Why not mention of the women in 1 Corinthians? Probably because the focus in the early church was on apostolic appearances. Remember that in order to be an apostle and have the authority of the apostle one had to have seen the resurrected Christ.
But it’s also important to note that when the women did tell the disciples they had seen Jesus alive, Luke says the response was, “But these words seemed like nonsense to them, and they did not believe the women.” (Luke 24:11) But two disciples, Peter and John, did get up and run to the tomb. Luke only says Peter ran to the tomb to see what happened, but John has both of them going to the tomb. Again this shows that the gospel accounts are not fabrications. Rather as in any event people will report and remember different things.
But according to 1 Corinthians Peter was the first of the twelve disciples to see the risen Christ. This is what the gospel tradition also maintained in Luke 24:34. It is quite apparent that he appeared to the women, then to Peter, then to the two disciples on the road to Emmaus (it doesn’t say who they were), and then to the rest of the disciples. And this is probably as it should be. Peter was the leader of the twelve. And he was the one that spoke to the crowd on the day of Pentecost about the risen Christ.
It says that when Peter first saw the empty tomb he was “amazed.” Actually a better translation may be “bewildered astonishment” according to the Erdmans Dictionary of New Testament Theology. Now put yourself in Peter’s position.
1) You have spent approximately three years following Jesus around. You have heard him teach, seen the miracles, and everything about this man screams that this is the Messiah.
2) Your expectation is that this Messiah is going to usher in the Kingdom of God. So much so that you have left your family and occupation to give yourself to this man’s mission and the Kingdom of God.
3) But low and behold this man that you’ve given up almost all earthly pleasures for has now been tried, scrounged, and crucified.
4) You are so disappointed in this man that when push comes to shove and you have a chance to show your allegiance to him you publicly deny him not once, but rather three times.
5) Then three days later the women come back from the tomb. They say we have seen Jesus risen and you go to the tomb and it is empty.
I can understand the perplexity and amazement. That’s a lot of mind bending realities in a few short days!
6) And then Jesus somewhere and at some point on Sunday appears to Peter. And everything changes AGAIN!
We don’t know exactly where Jesus appeared to Peter.
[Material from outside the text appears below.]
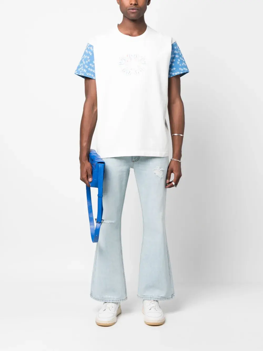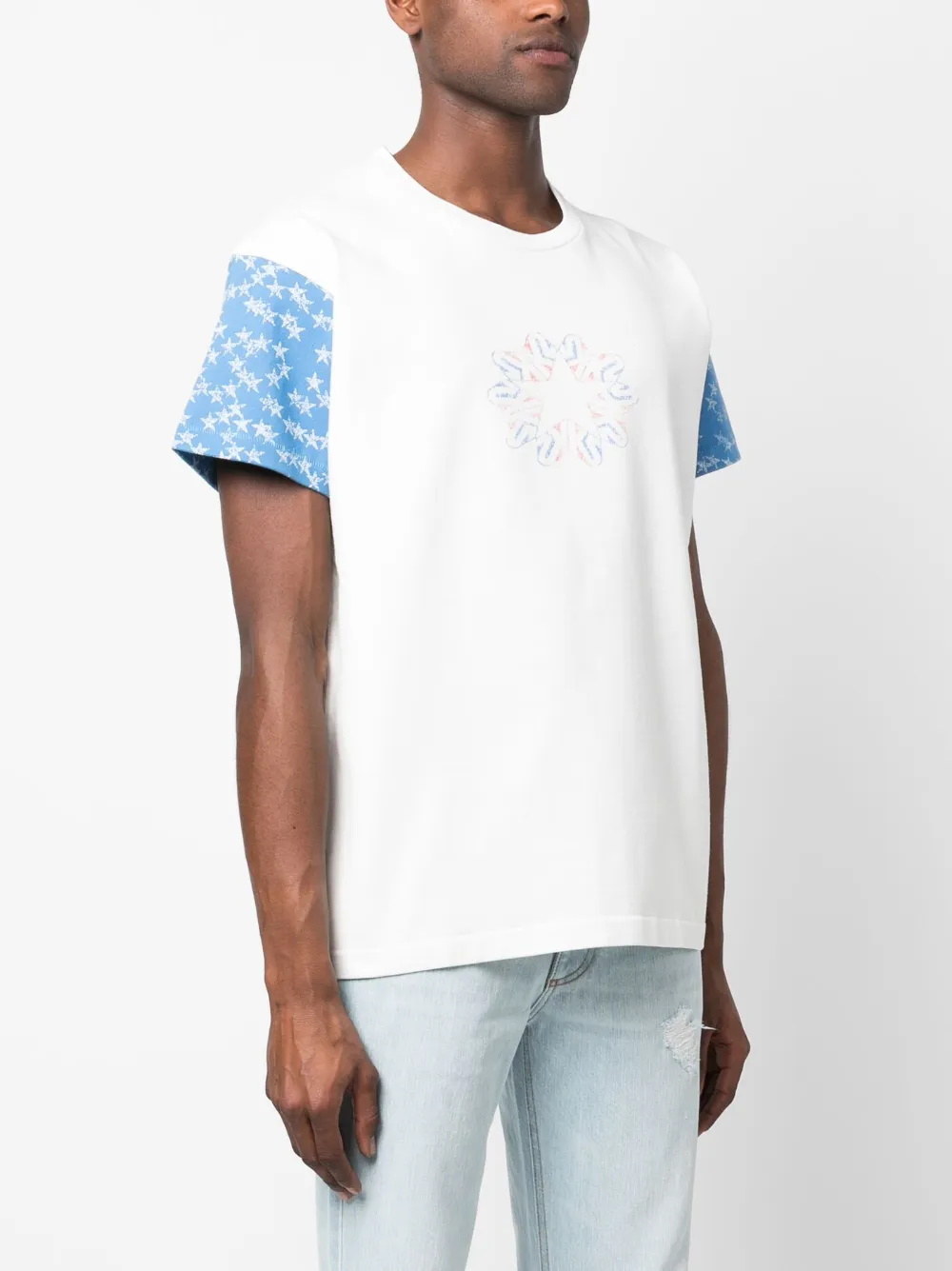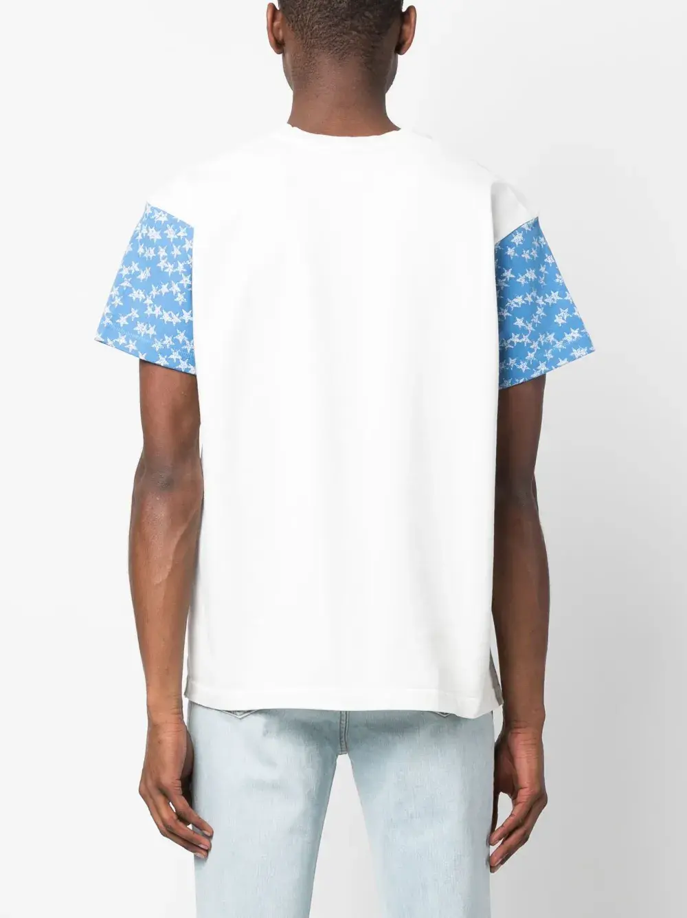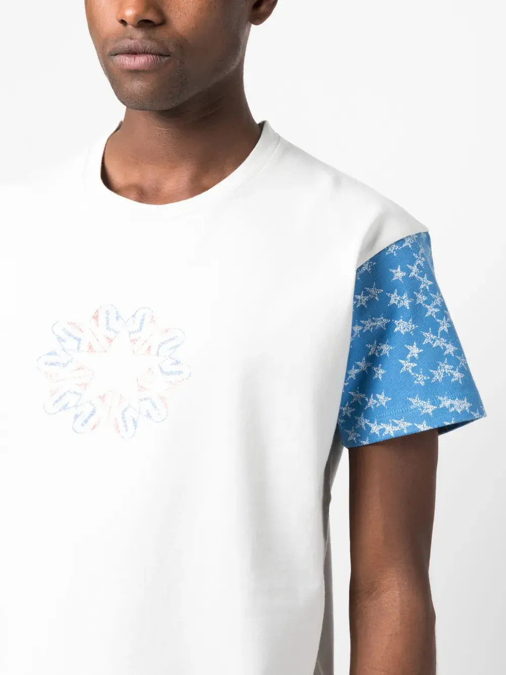 Белый, синий, хлопок, принт с изображением звезд, принт на груди, рукава с графичным принтом, круглый вырез, короткие рукава и прямой подол.

I suspect that it was some time when Peter was walking back from the grave or immediately when Peter got home since Luke says that’s where Peter was headed. But it doesn’t matter. All that matters is that Peter testifies to Jesus’ appearance.
Who is this Peter?
Peter was a fisherman on the Sea of Galilee. He was one of the first of the disciples. He was the first to proclaim that Jesus was the Christ, the Son of God. He was also the one Jesus resoundingly rebuked on a number of occasions. He is well known for the one who denied Christ three times during the trial of Jesus. On the one hand he was zealous for Jesus, but on the other hand when his own life was the least bit threatened he was ready to deny Jesus. One thing that gives credibility to the gospel witness is the gospels never gloss over the failures of its church leaders. The gospels paint the disciples as zealous, but also as weak and sometimes really dumb and blind.
Yet this same Peter turned into the leading spokesman for the church 50 days later in the very city that crucified Jesus.
And according to the early church historians this same Peter died by crucifixion for this same Jesus. But he was crucified upside down, because he believed he was not worthy to be crucified right side up like Jesus.
So here are some questions: Is Peter’s testimony credible? Would it hold up in a court of law? Is he the kind of man that would fabricate this type of message for his own benefit?
So if you are sitting on a jury and you hear his testimony to the resurrrection of Jesus would you believe him? Why or why not?